Let’s check in on the action.
- Asia’s major indices are solidly in the green in afternoon trade. All major indices are higher, led by Japan’s Nikkei (+1.3%).
- Huawei plans to go on the offensive to preserve its spot as the 5G vendor-of-choice in its key U.K. market. Part of its campaign will be to convince Britain (and the world) it’s not controlled by Beijing.
- Crude is climbing following an agreement by OPEC and its allies to extend production cuts.
- The European bourses fell out of the gates. The benchmark Stoxx Europe 600 opened 0.7% lower.
- Could Big Pharma be getting a little smaller? Bloomberg reports Gilead and AstraZeneca, both of whom are working on COVID-19 cures, are kicking the tires on a merger. It would be the biggest healthcare tie-up ever, creating a $240 billion giant.
- Britain is on a collision course with airlines furious over the country’s quarantine measures for inbound travelers. It goes into effect today despite threats from BA, Ryanair and Easyjet to sue over the measure.
- The Dow, S&P 500 and Nasdaq futures point to a positive open. The Dow just came off a monster week, climbing 6.8%, its best stretch since early April. I may have to trot out that Dow 30K quiz again.
- Boeing and the airlines were big gainers last week. But Big Tech is still the sector everyone wants in their portfolio, especially popular with individual investors.
- What’s on this week’s calendar? The Fed meets Tuesday and Wednesday. It’s not expected to touch rates. We also get key data on the inflation picture with CPI and PPI reports mid-week, and the U. of Michigan consumer sentiment report on Friday.
- Gold is up.
- The dollar is flat.
- Crude continues to gain ground. Brent is now above above $42/barrel.
Let’s head to the Inbox
On Thursday, before Friday’s surprise payrolls report, I shared here an Allianz investor sentiment survey that showed—to me, anyhow—a disjointed view of the future. Investors were largely pessimistic about the economy, fearing a big recession, but not so fearful that they were compelled to sit out the current markets rally. I then put the question to Bull Sheet readers: does all the doom and gloom—the pandemic death toll, the sheer number of unemployed, the great social unrest, the historic deficit spending on bailouts, the collapse in growth—factor into your investing decisions.
I got some very interesting feedback, which I’m sharing here this morning. They’ve been edited for brevity.

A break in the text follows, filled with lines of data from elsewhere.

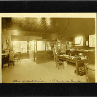 Sepia-toned image of two men standing inside a building with a number of desks and tables. A teller's cage fills the area directly behind the men, separating the entrance from the interior of the bank. Both men wear suit coats and ties. Otto Galaway, bank teller, stands to the image left of Wheelock Marsh, the vice-president. The Washington County Bank opened in 1909; Galaway left in 1921 to open a bank in Vernonia.
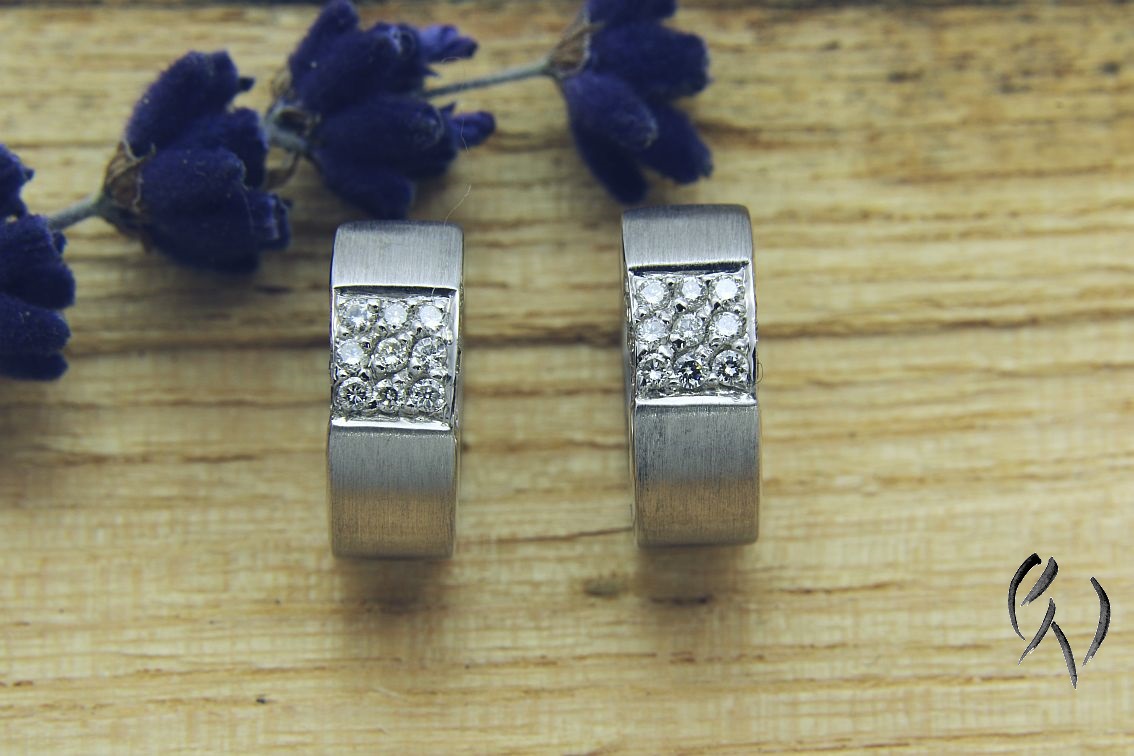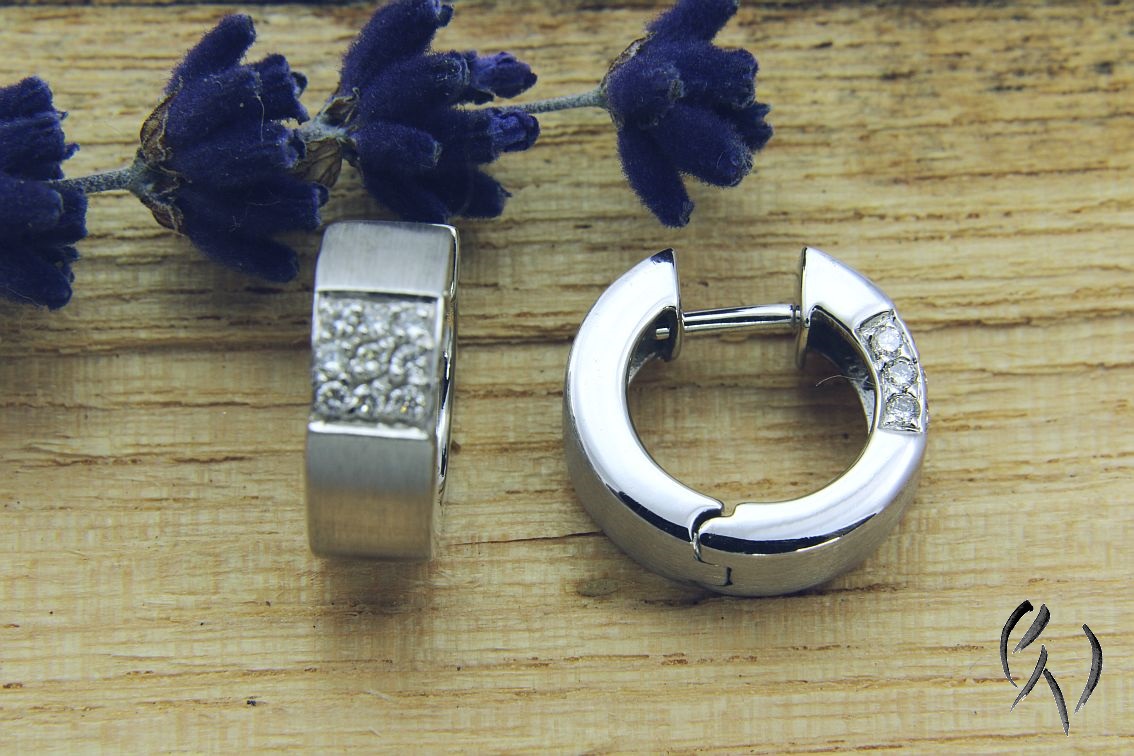 Die schlichten Creolen sind auf der Vorderseite mattiert und seitlich poliert. In der Mitte sind 3 Reihen mit je drei kleinen Brillanten eingefasst, und auf jeder Seite außen nochmal drei. Zusammen haben die Brillanten pro Creole ca 0,11ct.
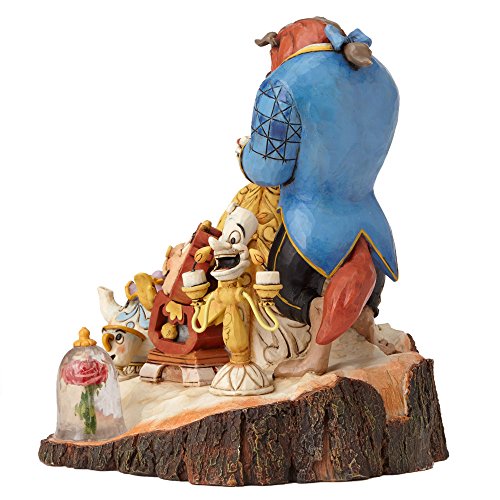 -. Feature : "Tale As Old As Time" from the Jim Shore Disney Traditions line / Log hewn sculpture commemorates Disney's "Beauty and the Beast" / Figurine captures Belle, the Beast, Lumiere, Cogsworth, Mrs. Potts, and Chip / Accurate features sculpted in hand painted stone resin / 7.75 inch height
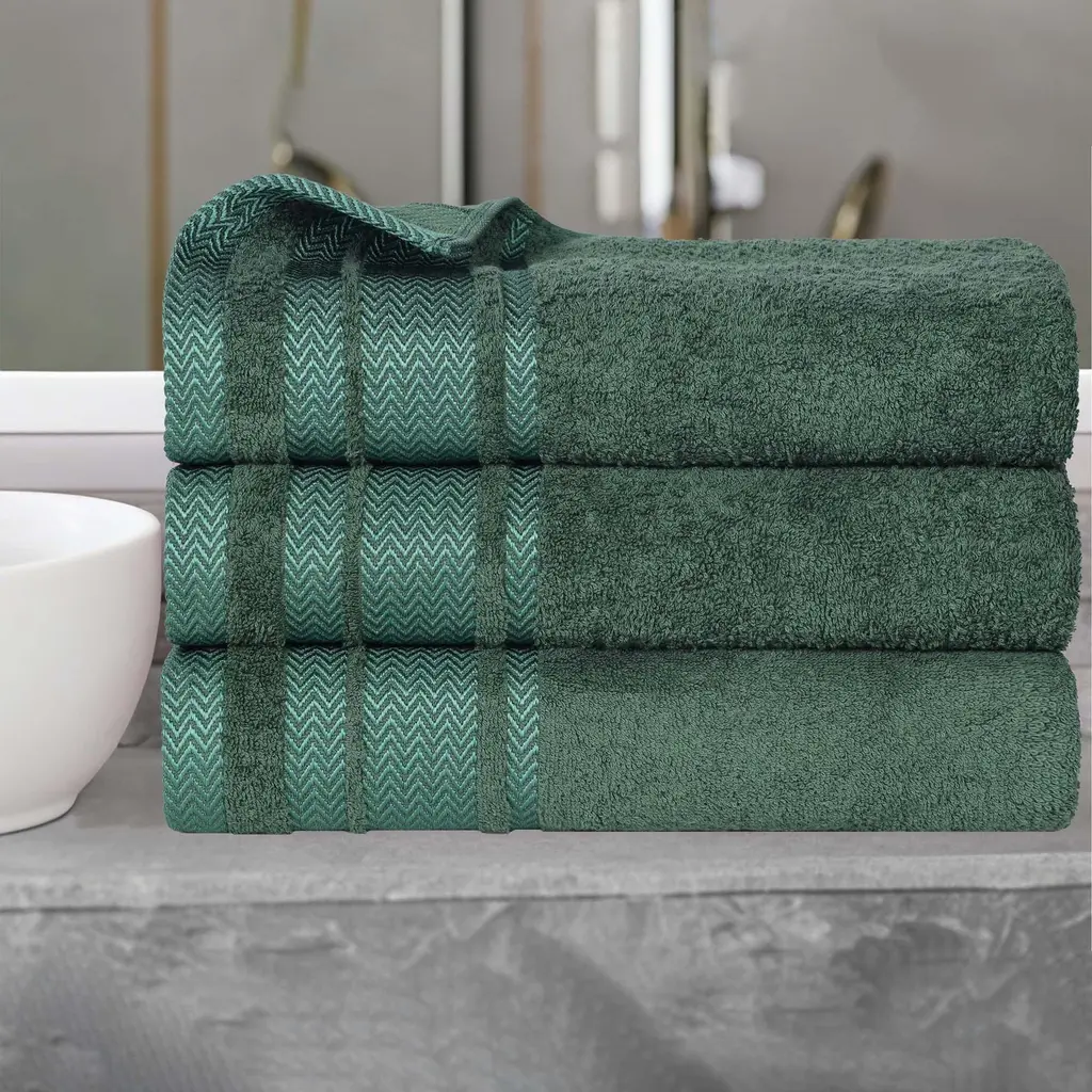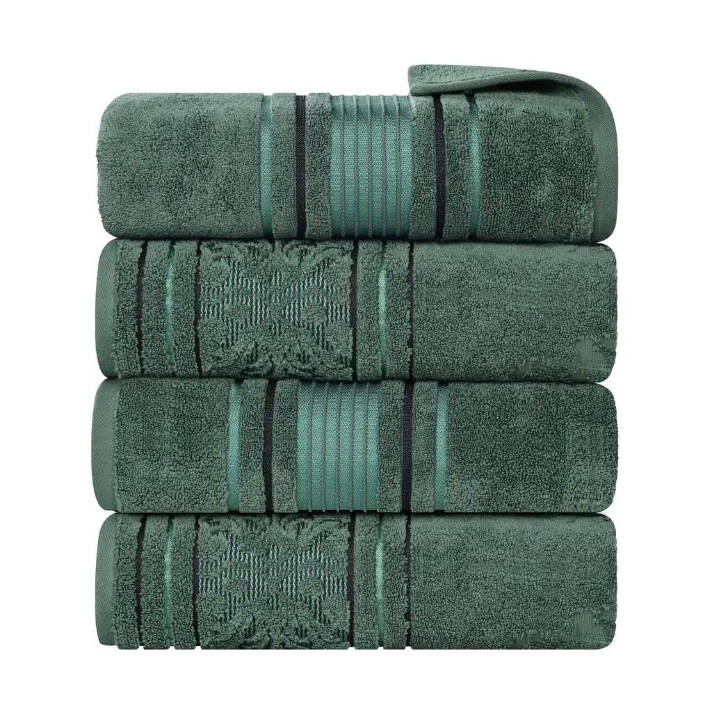 Superior Sadie Zero Twist Cotton Solid And Floral Bath Towel Set Of 4 - Forest Green
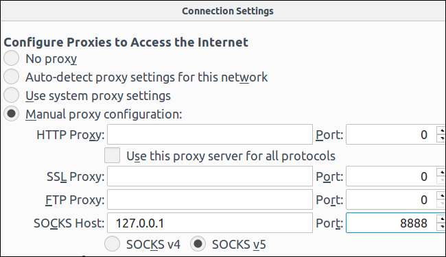 เมื่อทำสิ่งนี้ใน Firefox ให้เลือก“ การกำหนดค่าพร็อกซีด้วยตนเอง” ป้อน“ 127.0.0.1” ลงในกล่องโฮสต์ SOCKS และป้อนพอร์ตไดนามิกลงในช่อง“ พอร์ต” เว้นช่อง HTTP Proxy, SSL Proxy และ FTP Proxy ว่างไว้
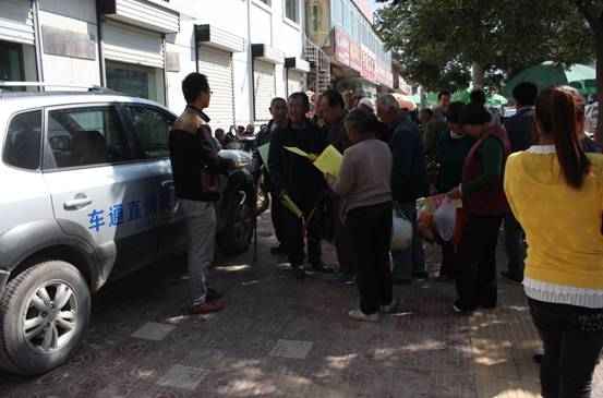 陕西省靖边县纪委、监察局畅通信访举报渠道,开通了信访举报民情直通车,走进各乡镇、社区和机关宣传并接访。图为11月18日,该县信访举报民情直通车走进东坑镇,纪检监察干部向群众发放宣传单。
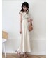 まだまだトレンドの大きな襟がポイントの【ワンピース】。小顔効果があり、更に後ろのレースアップをきつく結ぶと好きなサイズ感まで締めることが出来るので、スタイルアップが叶います◯。私はウエストのサイズ感で困ることが多いのですが、きゅっと結ぶとジャストサイズに調節することが出来ました!ノースリーブを着るとどうしても脇辺りの空洞が気になりますが、こちらのワンピースは脇が見えないようになっているので、ノースリーブに懸念点のある方でも挑戦しやすくなっています♪【サンダル】dazzlin定番のコルクヒールサンダル。ヒールの高さの割に軽くて脚にフィットするので、ライブ用に買われるお客様も多いです♡私は普段22.5〜23.0cmを履いていて、こちらのサンダルはSサイズでピッタリでした◎

Stocks: the only game in town
When everything is down, particularly interest rates, is there another game in town, if not the stock market? — J.A.
In Fed we trust
I think this rally is an expression of the belief that central banks will be effective at backstopping asset prices. They will act as the almighty buyer when everyone wants to sell. So this is essentially the confidence that liquidity to exit will be present no matter what. To quote Stan Druckenmiller “when the Fed buys bonds, bonds go down & stocks go up!” — S.D.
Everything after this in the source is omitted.